1 shows a first embodiment of a common rail injector according to the invention is shown in longitudinal section. The illustrated common rail injector has a generally designated 1 injector. The injector housing 1 comprises a nozzle body 2, which projects with its lower free end into the combustion chamber of the internal combustion engine to be supplied. With its upper, combustion chamber remote end face of the nozzle body 2 by means of a (not shown) clamping nut axially clamped against an intermediate body 3 and an injector 4.

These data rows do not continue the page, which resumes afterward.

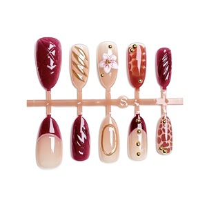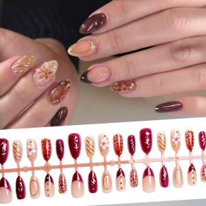 跨境爆款3D立体花朵鎏金穿戴甲法式棕红色美甲贴片批发短款杏仁型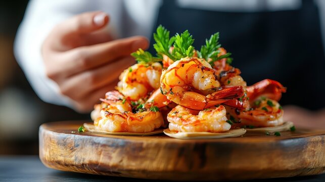 Deliciously plated grilled shrimp arranged beautifully on wood, accompanied by fresh garnishes, embodying culinary mastery and ready to delight gourmet food enthusiasts.
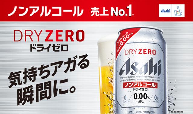 アサヒ ドライゼロは2012年2月の発売以来、ビールらしい味わいが好評で、ノンアルコールビールテイスト飲料市場において売上No.1(※)を達成。最もビールに近い味を目指したノンアルコールビールです。味にこだわりをもつビール類ユーザーが満足できるよう、“アルコール度数0.00%”でもビールならではの味わいとのどごしを再現できるよう独自の技術を開発しました。ビールを飲みたいけれど飲めなかった様々なシーンでも、ガツンとしたのどごしとキレで爽快な味わいが楽しめます。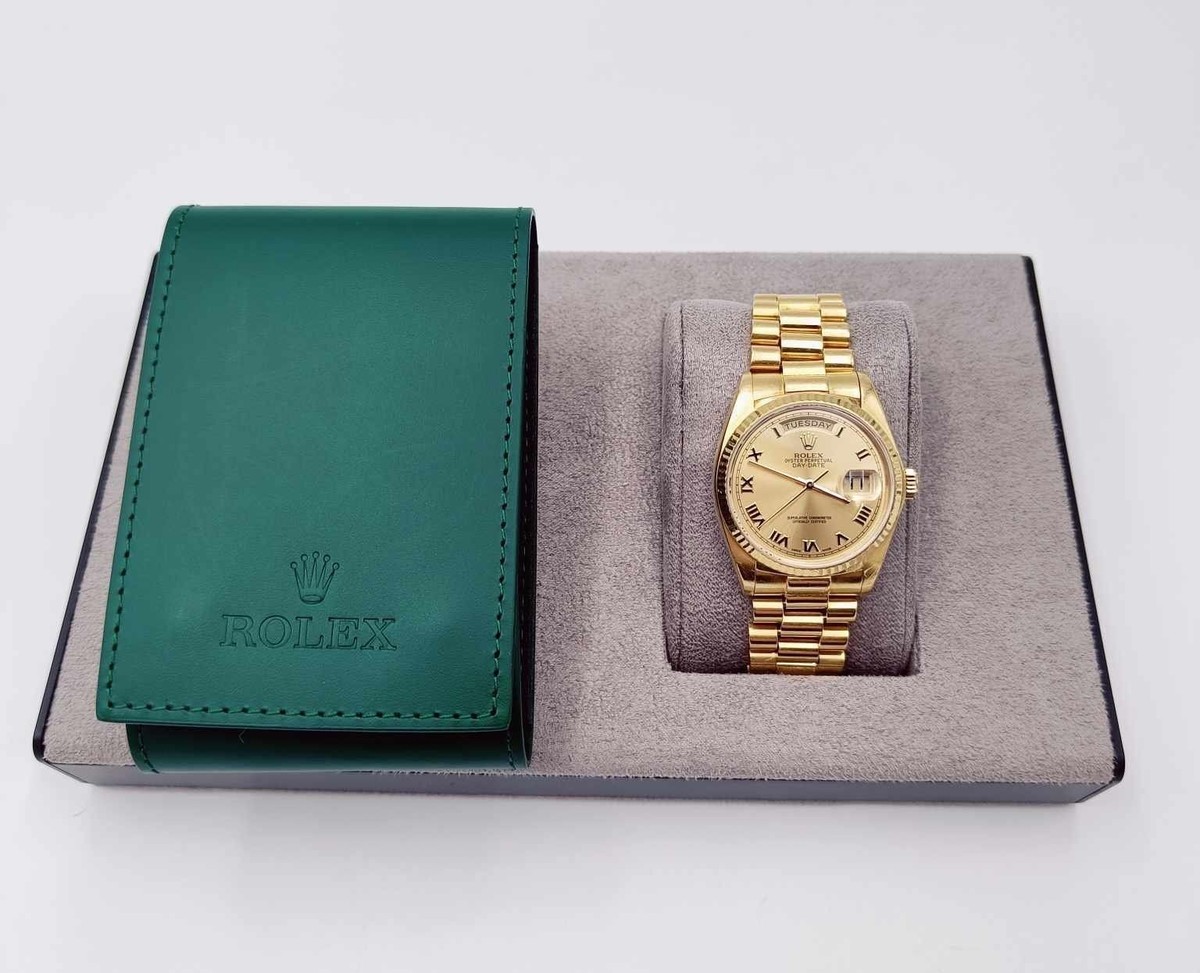 Questa classica Rolex Oyster Perpetual Day-Date unisce eleganza senza tempo e precisione svizzera. La cassa da 36mm e il bracciale abbinato sono realizzati in oro giallo 750, offrendo una sensazione lussuosa perfetta per occasioni speciali o come pezzo distintivo per l'uso quotidiano.
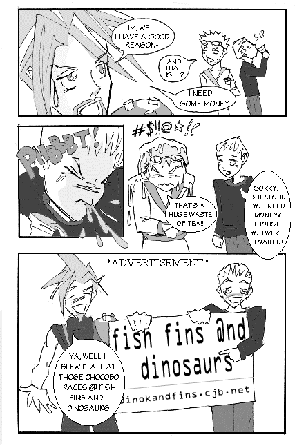 ,fins,fins@dangergirl.com Re: WOW! a sneak doujinshi preview!,Wednesday 17-Jan-2001 15:41:41,,Woah that is amazing! Fins you are an excellent artist! Thanks for doing that I think I'll put that up in the rambles! You don't mind do you? Of course not ^_^. ,Cloud612,cloud612@tifa.zzn.com Re: Re: WOW! a sneak doujinshi preview!,Wednesday 17-Jan-2001 17:29:23,,That's brilllllllllll!!!! I can't wait to see the finished thing! *gives thumbs up to fins* Your drawings....just....ROCK!!!,Caroltrue,caroltrue@hotmail.com Re: Re: Re: WOW! a sneak doujinshi preview!,Wednesday 17-Jan-2001 20:03:20,,Hey great job on the pics!they're awesome wish i did that good lol buh bye

In the nozzle body 2, an axial guide bore 6 is recessed. In the guide bore 6, a nozzle needle 8 is guided axially displaceable. At the top 9 of the nozzle needle 8, a sealing edge 10 is formed, which cooperates with a sealing seat or with a sealing surface 11, or formed on the nozzle body 2 is. When the tip 9 of the nozzle needle 8 with its sealing edge 10 is in contact with the sealing seat 11, two injection holes 13 and 14 in the nozzle body 2 are closed. When the nozzle needle tip 9 lifts off from its sealing seat with the sealing edge 10, high-pressure fuel is injected through the injection holes 13 and 14 into the combustion chamber of the internal combustion engine.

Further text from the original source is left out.